Add support to ONNX models as new engine provider for Deep Learning models #1353

lfoppiano · 2026-01-08T21:05:23Z

This PR introduces pure Java ONNX inference for GROBID's deep learning models, leaving the possibility to eliminate the runtime dependency on Python/JEP/TensorFlow (the JEP approach to call DeLFT will not be touched).
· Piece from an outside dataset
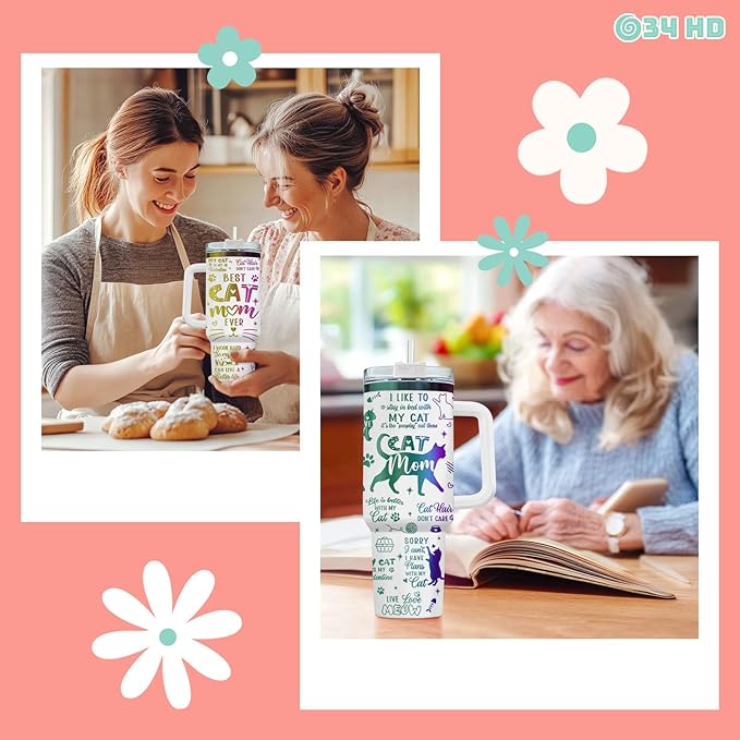 34HD Funny Engraved Cat Mom Tumbler with Handle and Straw 40oz, Paw Mom Cup Insulation, Birthday Mothers Day Gifts for Cat Lovers Women Auntie Friends

The implementation enables a lighter Docker image shipping DL models that provide the accuracy benefits of deep learning models with reduced complexity and resource requirements.

Architecture Overview

flowchart TB
    subgraph Input
        PDF[PDF Document]
    end
    
    subgraph "GROBID Processing"
        PDF --> Parser[pdfalto]
        Parser --> Features[Feature Extraction]
        Features --> Engine{Engine Selection}
        
        Engine -->|engine: wapiti| Wapiti[Wapiti CRF]
        Engine -->|engine: onnx| ONNX[ONNX Runtime]
        Engine -->|engine: delft| DeLFT[DeLFT/Python]
    end
    
    subgraph "ONNX Inference Stack"
        ONNX --> Runner[OnnxModelRunner]
        Runner --> RT[ONNX Runtime 1.23.2]
        
        ONNX --> Embeddings[WordEmbeddings]
        Embeddings --> LMDB[(LMDB Database)]
        
        ONNX --> CRF[CRFDecoder]
        CRF --> Viterbi[Viterbi Algorithm]
    end
    
    subgraph Output
        Wapiti --> TEI[TEI XML]
        ONNX --> TEI
        DeLFT --> TEI
    end

Implementation Components

Core Java Classes

File	Lines	Purpose
`DeLFTOnnxModel.java`	588	Main entry point for sequence labeling inference
`OnnxClassificationModel.java`	286	Text classification (copyright, license)
`OnnxTagger.java`	69	`GenericTagger` implementation
`OnnxModelRunner.java`	214	ONNX Runtime wrapper
`CRFDecoder.java`	187	Viterbi decoding for CRF layer
`WordEmbeddings.java`	263	LMDB-based embedding lookup
`Preprocessor.java`	267	Tokenization & feature handling

Factory Integration

File	Change
`TaggerFactory.java`	Added `ONNX` case → `OnnxTagger`
`ClassifierFactory.java`	Added `ONNX` case → `OnnxClassificationModel`
`GrobidCRFEngine.java`	New `ONNX("onnx")` enum value

Supported Models

Sequence Labeling (BidLSTM_CRF_FEATURES)

Model	ONNX Directory	Status
header	`header-BidLSTM_CRF_FEATURES.onnx/`	✅ Ready
citation	`citation-BidLSTM_CRF_FEATURES.onnx/`	✅ Ready
affiliation-address	`affiliation-address-BidLSTM_CRF_FEATURES.onnx/`	✅ Ready
date	`date-BidLSTM_CRF_FEATURES.onnx/`	✅ Ready
reference-segmenter	`reference-segmenter-BidLSTM_CRF_FEATURES.onnx/`	✅ Ready
funding-acknowledgement	`funding-acknowledgement-BidLSTM_CRF_FEATURES.onnx/`	More test is needed
header-coi-ac	`header-coi-ac-BidLSTM_CRF_FEATURES.onnx/`	✅ Ready

Text Classification (GRU)

Model	ONNX Directory	Status
copyright	`copyright-gru.onnx/`	✅ Ready
license	`license-gru.onnx/`	✅ Ready

Model Bundle Structure

Each ONNX model directory contains:

{model}-{architecture}.onnx/
├── encoder.onnx      # or classifier.onnx for classification
├── config.json       # Model configuration (maxSequenceLength, embeddingSize, etc.)
├── vocab.json        # Character vocabulary, tag index, feature mappings
└── crf_params.json   # CRF transition matrices (sequence labeling only)

Configuration

Engine Selection (`grobid.yaml`)

grobid:
  models:
    - name: "header"
      engine: "onnx"                          # Use ONNX instead of delft/wapiti
      onnx:
        architecture: "BidLSTM_CRF_FEATURES"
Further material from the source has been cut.